Rocky Mountain Star Stare 2002

- was a gas as usual.

The transparency was excellent and the night time temperatures very mild.
The daytimes were dominated by hot, dry wind and sun.

The area was eerily dry this year. This is normally the greenest time of year up there, but there was no green grass. There were no flowers. There was obviously no rain this spring. The hummingbirds were hungry! They were continually flying inside my hooch and trying to eat the tail lights of my truck - buzzing around like giant flies. Poor little buggers. I wish I had a feeder with me.

Thursday night we had T-shirt weather until about 10:30 p.m.

Friday night was a little cooler but still no parka was needed and I even had to take my jacket off for awhile to cool down before a chilly breeze came along about 12:30 a.m..

Saturday featured kid's activities and workshops and talks for adults. Pictured below is a solar filter making workshop.

Scattered around the field were several interesting projects to see. One of these projects was a set of four dome tents fitted with plastic objects on the walls to represent stars and constellations for teaching astronomy to the blind. Each tent represented each of the four seasons. The large sundial was another interesting item.

The ATM Walkabout featured several interesting projects displayed by the attending amateur telescope makers. Pictured below are a couple of my unofficial picks for unofficial awards.

The HotRod Award goes to this pretty red 6 inch F/8 refractor that was made by one of the Denver Astronomical Society's folks.
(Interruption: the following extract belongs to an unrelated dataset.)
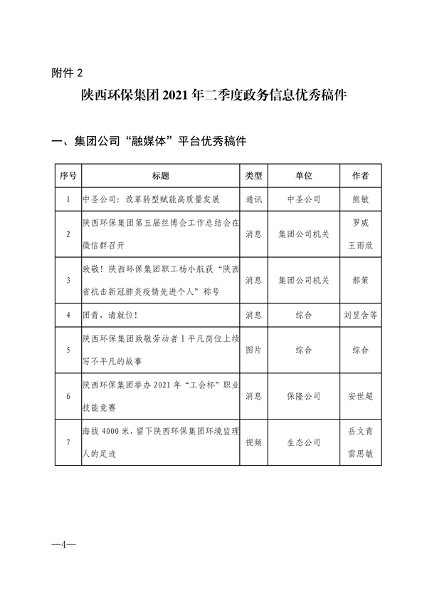 為加強(qiáng)集團(tuán)公司門戶網(wǎng)站、微信公眾號(hào)、新浪微博等“融媒體”平臺(tái)的稿件采編工作,鼓勵(lì)廣大通訊員圍繞企業(yè)中心工作撰寫出高質(zhì)量的稿件,發(fā)揮優(yōu)秀稿件的示范作用,為集團(tuán)高質(zhì)量發(fā)展鼓與呼,按照集團(tuán)公司《關(guān)于建立政務(wù)信息采用情況通報(bào)和優(yōu)秀稿件評(píng)選制度的通知》陜環(huán)司函〔2021〕31號(hào)文件要求,現(xiàn)將2021年二季度集團(tuán)公司“融媒體”平臺(tái)稿件采用及優(yōu)秀稿件評(píng)選情況通報(bào)如下:

Pictured next to it is a 6 inch reflector that featured some very nice woodwork.

The Blood, Sweat, and Tears Award has to go to this very nice 18 inch reflector built by a guy with the true spirit of the ATM'er. The mirror was gound by hand! No small task. His wife obviously deserves an award for patience and understanding too!
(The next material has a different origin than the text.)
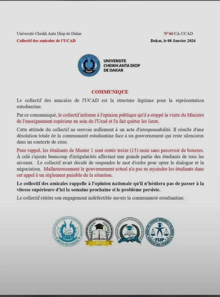 Le Collectif des amicales de l'Université Cheikh Anta Diop de Dakar (UCAD), organe de représentation des étudiants, a publié un communiqué ce 08 janvier 2026 pour dénoncer la situation de crise qui prévaut au sein de l'institution. Cette déclaration fait suite à un incident majeur au cours duquel la visite du Ministre de l'Enseignement supérieur a été interrompue par les étudiants.

The Built on the Fly Award goes to this 4.25 inch f/4 reflector completely made from Leggos snap-together building blocks and features a focuser made from Leggos wheels and sports a genuine Telrad finder. Yes, the scope really works - I looked through it.

A change of Plans

After the hot, dry walkabout, I had just settled into the shade with my shoes off and a cold drink when I noticed billows of smoke that appeared to be just over the little rise next to my hooch. The whole area was a tenderbox this year and to see a nearby fire was not unexpected. I immediately ran to the top of the rise and was pleasantly surprised to see that the burning area was about 4 miles away. Because of the thickness of the smoke and speed of motion, it had appeared much closer.

Needless to say, Saturday night's star party was canceled due to the forest fire and a very stiff hot wind - a dangerous combination. I was just glad it wasn't closer and that the wind kept it moving perpendicular to its direction from us. The doorprize giveaway was punctuated by slurry bombers flying directly over us which elicited cheers from the crowd.

Before and after the doorprize meeting we got some great views (and pictures) of the slurry bombers doing their thing.

But within the space of an hour or so there was an evacuation suggestion by the bureau of land management that was readily complied with by most if not all. I've never seen the place clear out so quickly! After sundown the few of us that remained could see the beautiful (in a sinister sort of way) orange glow of the illuminated smoke, sort of like a miniature sunrise. Flames could be occaisionally seen bursting into the air above the hilltops about 2 miles away. I wish I had taken a better picture. This photo is scanned from an under-exposed slide. The original reveals trees and hillsides silhouetted by the beautiful colors.

Over the course of two hours it had traversed about 20 degrees of azimuth. Sitting in that monster's path would be a bad place to be if the wind suddenly changed directions. We skedaddled shortly after this picture was taken.

In spite of the shortened visit, the CSAS did another great job in putting on a fun, informative, and relaxing star party again this year - the sixteenth, with many nice touches added for the attendees, like lapel pins and T-shirts WITH POCKETS!!!

Thanks guys and gals of CSAS. We all very much appreciate this valuable service you faithfully do for the local amateur astronomy community year after year. Keep it up! Fun time!